Nova surfaces every Amazon fee, refund, and margin shift in your live P&L, across 21 marketplaces. Explore the live P&L

What's happening

On April 24, 2026, Anthropic published the results of Project Deal, a one-week internal marketplace experiment in which Claude agents bought and sold real items on behalf of 69 Anthropic employees in its San Francisco office. Each participant got $100 and was paired with a Claude agent on either side of every transaction. The agents struck 186 deals worth roughly $4,000. From the agency portfolios we monitor, the cohorts most exposed feel it inside a billing cycle, not a quarter.

The headline finding, summarized by Unite.AI and PYMNTS, is that the strength of the model on each side measurably changed the outcome. Participants represented by Opus 4.5 systematically walked away with better prices than participants represented by Haiku 4.5, and the human counterparties never noticed. This is the first published experiment that puts a number on agent-vs-agent commerce asymmetry.

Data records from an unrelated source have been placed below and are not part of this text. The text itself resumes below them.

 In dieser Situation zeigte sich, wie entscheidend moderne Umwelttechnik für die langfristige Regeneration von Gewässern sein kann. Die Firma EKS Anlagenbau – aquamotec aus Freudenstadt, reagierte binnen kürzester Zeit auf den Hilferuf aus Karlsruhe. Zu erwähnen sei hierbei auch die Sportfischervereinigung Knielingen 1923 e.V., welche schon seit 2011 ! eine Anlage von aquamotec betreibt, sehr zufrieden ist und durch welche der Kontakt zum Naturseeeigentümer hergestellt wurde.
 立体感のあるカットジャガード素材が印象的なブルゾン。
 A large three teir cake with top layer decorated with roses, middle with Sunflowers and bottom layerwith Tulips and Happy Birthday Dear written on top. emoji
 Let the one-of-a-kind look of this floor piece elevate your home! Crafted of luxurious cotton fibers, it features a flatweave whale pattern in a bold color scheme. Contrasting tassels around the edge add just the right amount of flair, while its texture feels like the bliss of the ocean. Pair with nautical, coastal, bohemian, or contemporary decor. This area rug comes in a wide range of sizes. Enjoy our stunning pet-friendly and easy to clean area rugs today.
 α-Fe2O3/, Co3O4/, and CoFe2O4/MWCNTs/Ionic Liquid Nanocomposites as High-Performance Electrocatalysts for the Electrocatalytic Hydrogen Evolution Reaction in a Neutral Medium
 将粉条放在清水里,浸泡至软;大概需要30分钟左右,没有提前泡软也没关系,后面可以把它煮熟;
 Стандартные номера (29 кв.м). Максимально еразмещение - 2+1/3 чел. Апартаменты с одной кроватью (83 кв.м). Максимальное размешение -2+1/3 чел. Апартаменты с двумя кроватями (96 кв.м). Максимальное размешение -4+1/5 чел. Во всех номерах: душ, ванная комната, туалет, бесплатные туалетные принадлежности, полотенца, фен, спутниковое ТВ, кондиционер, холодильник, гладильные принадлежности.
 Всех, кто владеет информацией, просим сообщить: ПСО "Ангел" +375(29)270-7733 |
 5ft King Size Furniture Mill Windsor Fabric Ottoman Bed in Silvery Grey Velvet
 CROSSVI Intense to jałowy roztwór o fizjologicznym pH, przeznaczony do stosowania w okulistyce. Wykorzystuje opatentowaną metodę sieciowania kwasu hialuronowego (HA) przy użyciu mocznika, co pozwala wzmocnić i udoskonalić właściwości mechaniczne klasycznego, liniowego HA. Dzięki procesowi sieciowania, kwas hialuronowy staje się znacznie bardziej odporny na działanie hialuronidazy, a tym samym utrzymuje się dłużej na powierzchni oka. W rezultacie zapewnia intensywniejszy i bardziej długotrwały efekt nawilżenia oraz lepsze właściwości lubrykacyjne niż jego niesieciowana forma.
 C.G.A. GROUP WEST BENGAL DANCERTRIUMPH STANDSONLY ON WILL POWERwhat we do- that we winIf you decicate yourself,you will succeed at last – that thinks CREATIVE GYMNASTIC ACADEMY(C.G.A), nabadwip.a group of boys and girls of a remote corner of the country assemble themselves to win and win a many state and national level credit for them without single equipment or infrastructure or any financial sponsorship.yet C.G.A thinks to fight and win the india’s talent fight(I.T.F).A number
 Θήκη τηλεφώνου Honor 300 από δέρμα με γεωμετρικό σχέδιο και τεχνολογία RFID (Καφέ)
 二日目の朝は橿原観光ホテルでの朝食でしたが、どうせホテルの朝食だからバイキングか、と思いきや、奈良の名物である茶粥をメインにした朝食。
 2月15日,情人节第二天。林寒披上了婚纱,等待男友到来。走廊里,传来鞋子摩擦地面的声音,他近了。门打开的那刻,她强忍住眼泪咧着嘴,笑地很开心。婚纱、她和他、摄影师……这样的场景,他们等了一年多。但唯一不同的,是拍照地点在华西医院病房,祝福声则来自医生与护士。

Project Deal is small in dollar terms but large in implication. Digital Commerce 360 Read it as a signal that Anthropic is now actively investing in commerce surfaces alongside OpenAI and Google. TechSifted Framed it more bluntly: when both sides of a transaction are AI agents, the human shopper's price-sensitivity, brand affinity, and impulse behavior stop mattering. The deal terms become a function of model quality and prompt design.

Deals closed

186

Across 69 Anthropic employees in one week

Real money transacted

$4,000+

Per Anthropic's published results

Model gap

Opus > Haiku

Stronger model = measurably better terms

Key Dates & Deadlines

Apr 21, 2026

Project Deal week begins

Anthropic gives 69 employees $100 each and pairs every buyer and seller with a Claude agent in a private internal marketplace

Apr 24, 2026

Anthropic publishes Project Deal results

186 deals, $4,000+ transacted, agents on Opus 4.5 systematically out-negotiated agents on Haiku 4.5

Apr 27, 2026

Industry coverage lands

PYMNTS, Unite.AI, TechSifted, and Digital Commerce 360 publish analyses framing it as the first hard data on agent-to-agent commerce

Why Amazon and multi-channel sellers should care

Buyer-side agents are coming faster than seller-side ones

Project Deal is internal, but it sits on top of a public stack already shipping. ChatGPT checkout, Google Gemini's agentic checkout with Shopify and Walmart, and Amazon's Perplexity Comet integration all give buyers an agent. Most sellers do not have a counterparty agent yet. Until they do, Anthropic's data suggests they will systematically lose price negotiations to better-equipped buyer agents.

The Buy Box logic is built for humans, not agents

Today's Buy Box, deal pages, and search ranking weight signals (rating, brand familiarity, image quality, badge density) that an agent buyer can flatten. An agent comparing 12 ASINs by structured attributes does not care about your hero image. It cares about price, restock probability, return rate, and structured spec match. That changes which catalog edits actually move conversions and which are visual debt.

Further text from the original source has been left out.